Another reason is that I almost went down a rabbit hole with regards to swappable persistence. In the process of refactoring the persistence backend, I realized it should be fairly easy, using the model I put into place, to go ahead and implement MongoDB and Riak support. I started with MongoDB when I hit a wall. MongoDB does not allow dots in key names. When I ran into that issue, I realized that I made some dangerous assumptions based on the fact that I started with Couchdbkit as the interface to CouchDB:

I was using an ORM when I should have used a lower level driver. You see couchdbkit does some nice stuff like translating native Python datatypes to the appropriate datatypes. If I define a row as having DictProperty(), couchdbkit converts that into the commensurate CouchDB JSON datatypes. If I use ListProperty(), the same thing. This is really evidenced in Futon and makes using Futon as your interface to Vogeler very appealing. However this is VERY couchdb specific.

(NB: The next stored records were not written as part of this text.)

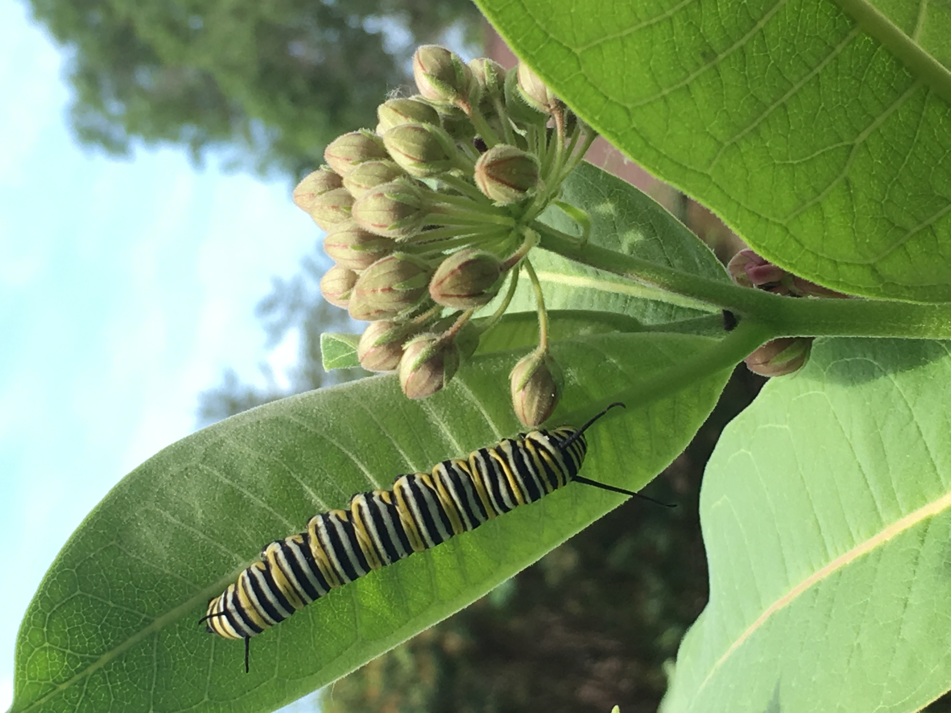 A beautiful monarch caterpillar feasting on milkweed in my yard. Hoping my new garden out front will feed many creatures and not look like a wild weed bed.
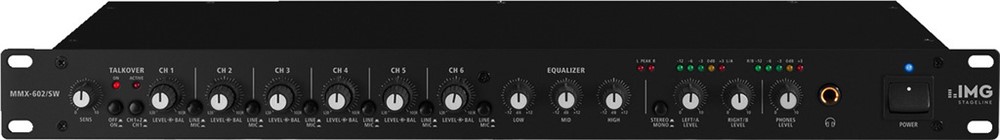 - 6 stereolinjeingångar, 6 balanserade mono mikrofoningångar, omkopplingsbara.
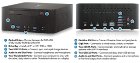 Now this looks like an interesting product coming out this summer. Sonnet will be releasing a Thunderbolt Docking station named the Echo 15 Thunderbolt Dock. It has up to 15 ports of expansion with the ability to add an internal 3.5" HDD along with an optical DVD or Blu-Ray drive.
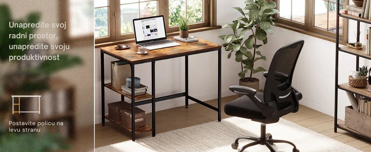 Prostrana radna površina i dve dodatne police omogućavaju brz pristup svim dokumentima i stvarima. Gornju policu možete ukloniti kako biste napravili mesto za kućište računara.
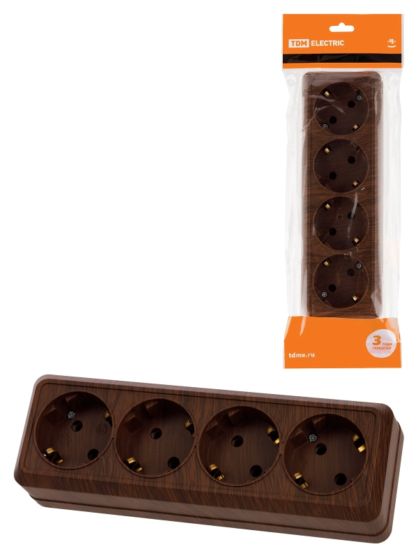 Розетка 4-х местная горизонтальная 2П+3 открытой установки IP20 16A бук "Ладога" TDM
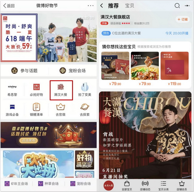 而且,为了触达更多潜在目标受众,在“微博好物节”主会场界面,还为满汉大餐设置了专属icon,点击即可直接导流至品牌电商平台,缩短了消费者的种草和电商转化链路,让用户种草、拔草两不误。
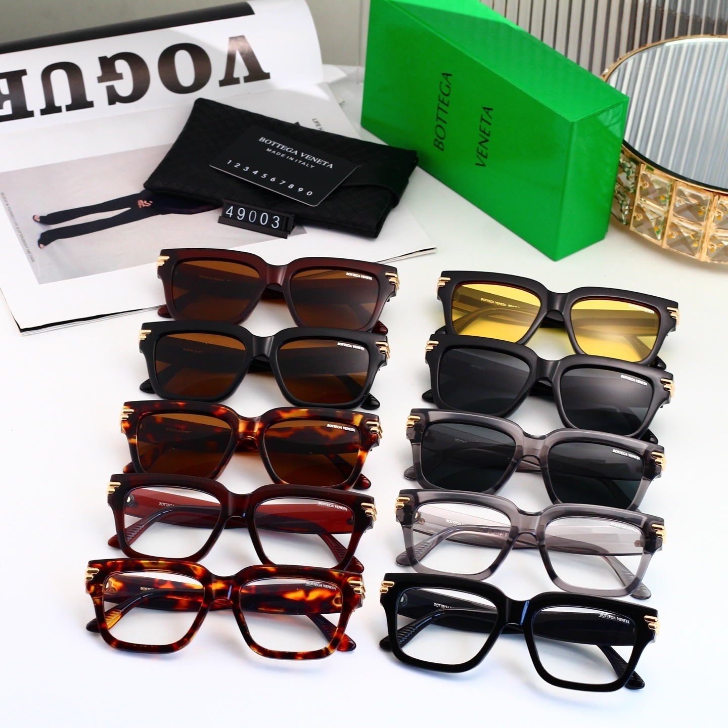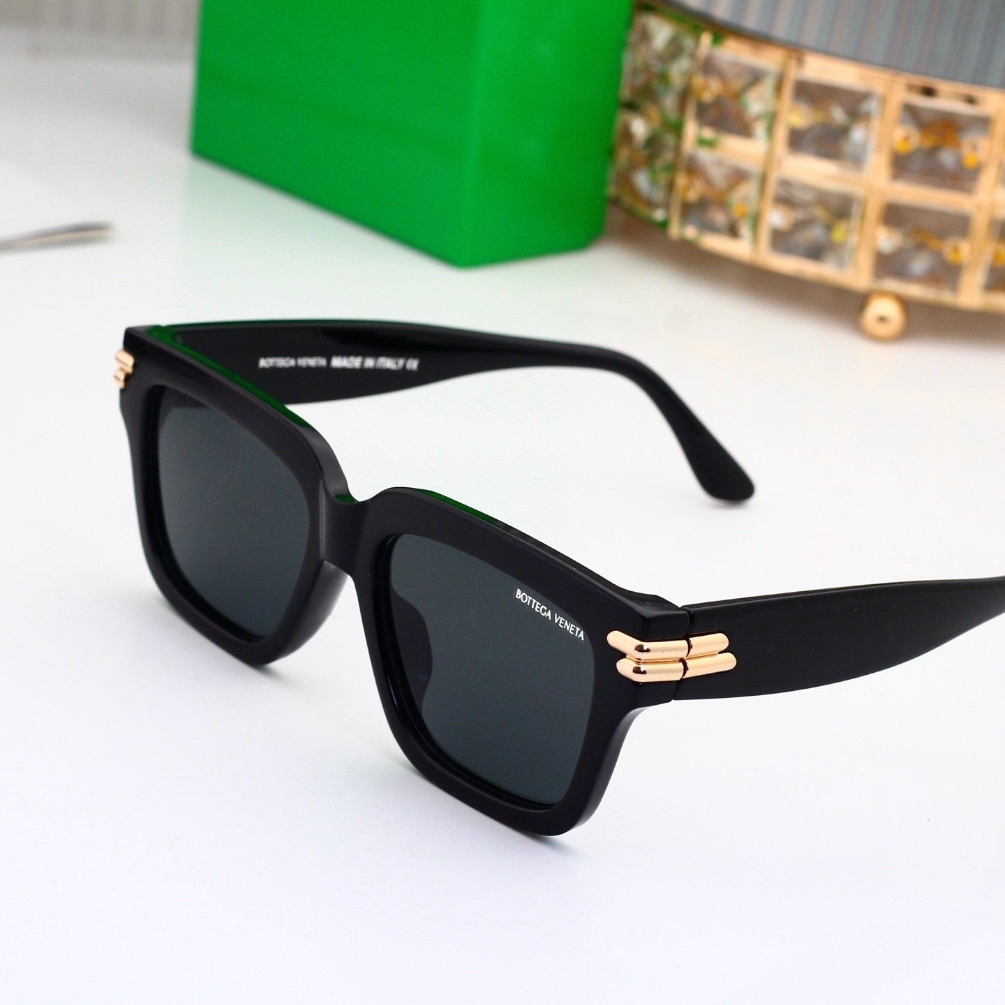 Bottega Veneta Classic Thick Square UV Protection Sunglasses 49003
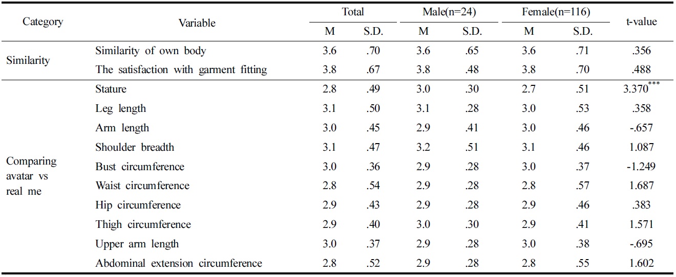 The sizes of 3D avatar shape and real me were compared for accuracy by separating male and female. As a result, no significant difference was found in all items excluding stature. ‘leg length’ and ‘shoulder breadth’ item were found to be 3.1, meaning smaller measurement than real me. The ‘arm length’ and ‘bust circumference’ were 3.0, signaling appropriateness in fitting. Other items including ‘waist circumference’ and ‘abdominal extension circumference’ 2.8, ‘hip circumference’, and ‘thigh circumference’ were 2.9, which means larger measurements than real me. Male and female showed a significant difference in ‘stature’ item. Male said the fitting was okay and female said the fitting was larger than themselves.

The pymongo driver, however, didn't like my strategy of dumping execution results that way. You can see the "gist" of what I'm talking about here:


I brought the issue up on the MongoDB mailing list here. I opened an issue for myself to braindump my thoughts. One of my biggest goals (data transparency) was starting to fall apart for me. I decided to shelve MongoDB for a moment and look at Riak. I wanted to make sure that I at least thought about how a generic model would work across multiple document stores. That's when I ran into the biggest cockblock:


I'm almost firmly convinced that protobuf is a piece of trash. Google has some smart people but protobuf is something that quite obviously came out of the mind of someone who was sent off to "solve the RPC problem". There are quite a few issues I have with protobuf:

  • Despite being a "universal" format, it works well in exactly TWO languages - C and Java. Everything else is an afterthought. Don't get me started on Python support. The one guy at Google who supports protobuf on Python can't make it work on anything but Python 2.5 because that's all Google uses. He's unwilling to cut a new PyPi package just to fix all the 2.5 assumptions because he doesn't want to bump the version number. You can't even install it on anything higher than 2.5 without hacking setup.py.
  • You have to precompile your protos before use. I understand what Google is trying to accomplish but seriously? So I have to build the protobuf compiler to compile protos to ship with my code. There's a reason why people like FFI folks.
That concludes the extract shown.